What I find interesting about this, XC, is that it’s the kind of thing I thought when I was living in the UK. One of the best things about being an ex-pat in a country so far away from ‘home’ is that you get a good sense of the way the rest of the world see Britain. It’s in a way that you would never assume they do. They consider us largely irrelevant to world politics (I’m not interested in whether or not this is so) and hardly worth mentioning. The mighty UK has no impact on the daily lives of vast numbers of people. I love that fact. The reason I mention this is because your view is very much of the British situation (bear with me, I know you weren’t making any claims to be talking about anywhere else). A lot of what you say just doesn’t fit with what happens here and in the other places I’ve lived. It was suggested somewhere above that poverty is a major cause of yobbish behaviour but I see far more extreme poverty here and almost no yobbish behaviour – In six years, our only experience of a violent fracas involved a pissed up Scot and two thugs from Yorkshire.Quote:
Originally Posted by Xamonas Chegwe
There is an area of Kowloon that is the most densely populated place on earth – everywhere you go it’s as if the rock festival has just ended - but there certainly isn’t the same aggression and violence that you see in any major UK city centre on a Friday and Saturday night. I see a far greater work ethic here in Asia than I ever saw in the UK. People here barely survive doing the most menial of jobs – jobs that people simply wouldn’t do in the UK. Obviously there are many, many other factors that are relevant to the issue but actually living in another culture does help defamiliarise your own and also makes you ask some interesting questions about your own assumptions.
I also find it interesting that you doubt there has been any fundamental change in social values (although I’m not sure who said that the change was ‘fundamental’ – it’s certainly alarming). Would you agree that values do in fact change ever or is it always just the lament of old farts like me? We no longer burn women believed to be witches as public spectacle. This suggests to me that values do change and, given your identification of the speed and capabilities of modern technology, perhaps they change far more quickly now than ever? You see, I think the views you express are a part of what’s angered me in the last two decades. You say, “there will always be a nostalgic view of bygone days taken by the old. Besides, we used to have a lot more wars in the good old days, so we could ship our scum off to foreign parts and let them run riot there.” This is a view I have seen many times, primarily from Guardian readers. Anyone who decries a fall in values must be an oldie befuddled with nostalgia. (It’s a shame the word has been appropriated in this way – etymologically it means the pain of going home.) It’s as if the fact that awful things existed in the past means that we should accept pitifully low standards now. Each generation has looked on the next with supposedly greater understanding – ‘we were no different’ – but we were. My world certainly was and I disagree that I simply look back and remember only the nice bits. If you refuse to be judgmental of modern youth because you think that we were no different, then you fail to give them any worthwhile sense of responsibility. For me, the most important lesson you can teach children is that they aren’t adults. That way they eventually make better adults. Whether intentionally or not, you are providing them with excuses and they will grab them as inalienable rights. They seem to learn quickly when it comes to rights. When I was teaching in the UK I remember one despicable student telling me, “You’re only saying that to me because I’m white.” He’d seen the benefits to be had by playing the race card and decided he was going to have some.

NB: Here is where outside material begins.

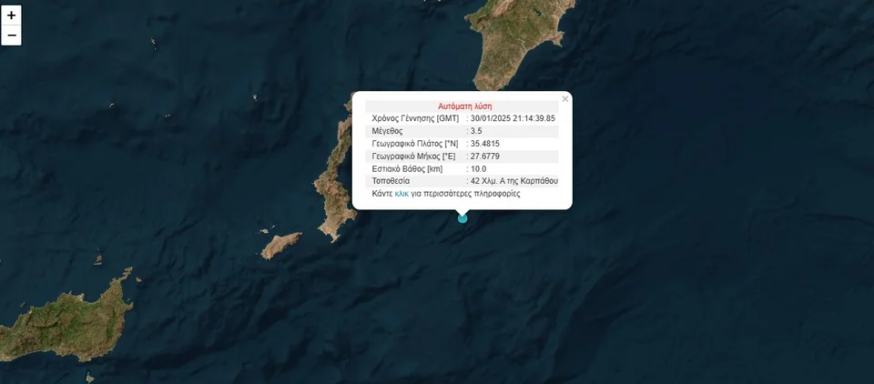 Σύμφωνα με το Γεωδυναμικό Ινστιτούτο, η σεισμική δόνηση σημειώθηκε σε εστιακό βάθος 10 Χλμ. και επίκεντρο στα 42 Χλμ. ανατολικά της Καρπάθου.

Despite Virgil identifying my argument as being primarily with political correctness (which I believe might have been mocked out of use as a phrase but not as a sentiment), I would say that my main gripe is with dumbing down and the attempt to accommodate rather than address poor behaviour. This of course means that I long for a time when you could leave your doors unlocked and we had National Service.

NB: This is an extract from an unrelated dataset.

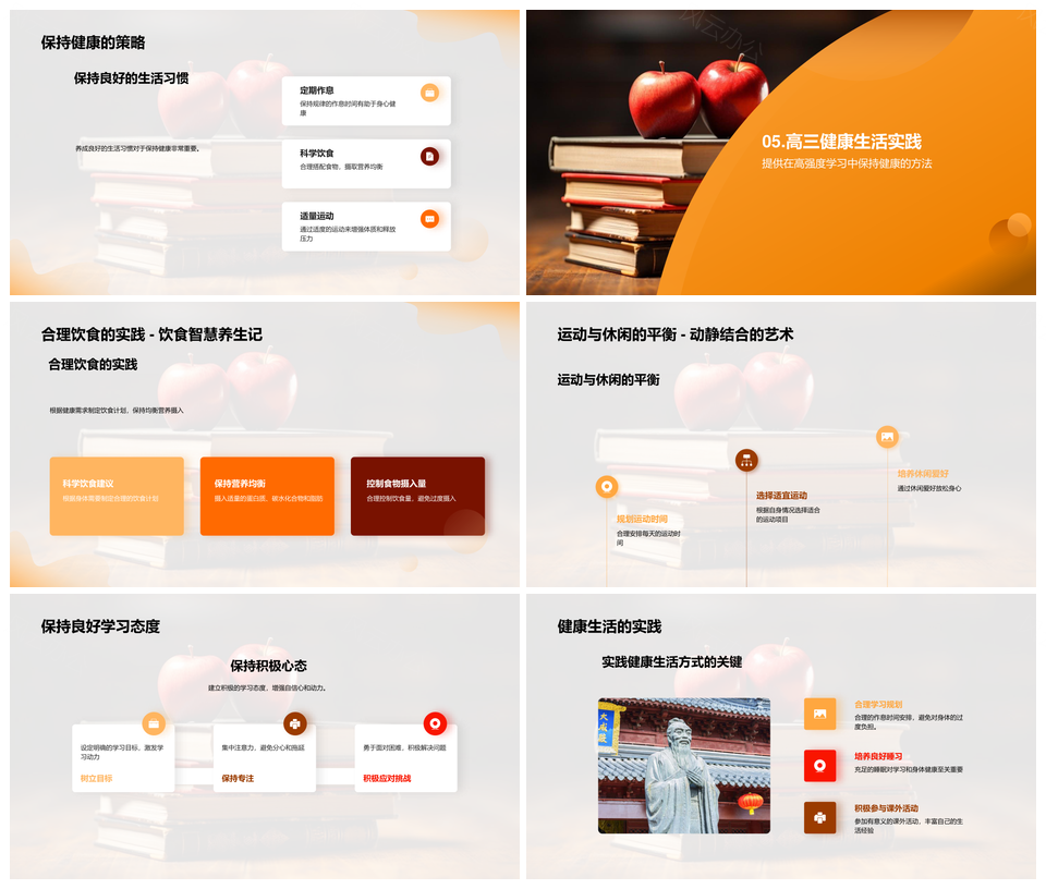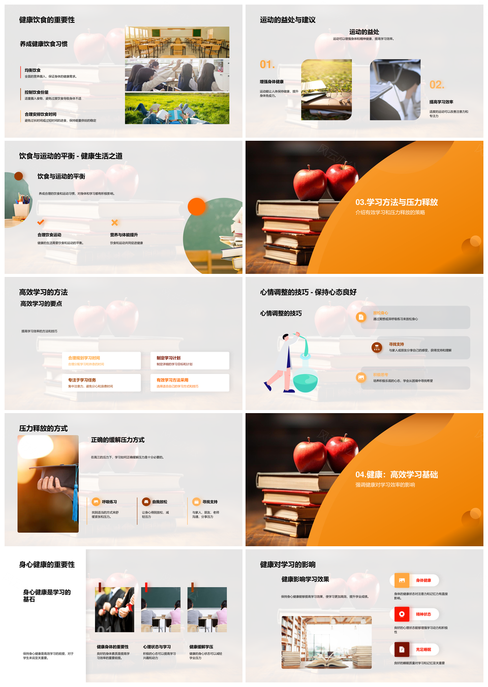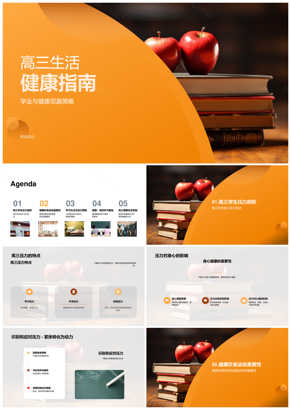 风云办公提供的高三健康饮食运动高效学习书堆指南PPT模板,下载格式为pptx,一共24页,作品中文字及图均可以修改和编辑,图片更改请在作品中右键图片并更换,文字修改请直接点击文字进行修改。

Grumbleguts – you express a similar view to XC’s. No, I didn’t think you were serious but I do think you are avoiding the issue. It’s far easier to denounce views like mine as the intolerant conservatism of someone living in an imaginary Eden of the past. That way you don’t have to address the kind of appalling behaviour that made me, as a damn good teacher, get out of the UK. You see, when you are confronted with it every day for six years it appears more like a reality than the misunderstanding of a nostalgic old fart.
On the subject of National Service, I once taught an Israeli lad who told me that for his ‘gap-year’ he would be returning to Israel to do his bit for his country by enrolling for NS. I had nothing but admiration for him, although I could have satirised him as a gung-ho, brainwashed idiot who had no idea how he was being manipulated to risk his life for an abstract ideal. Had he been English he could have sung out, “England is mine, it owes me a living.”
You’ve let them in boys – you’ve allowed them to exploit democracy in the area where it is most vulnerable – its tolerance.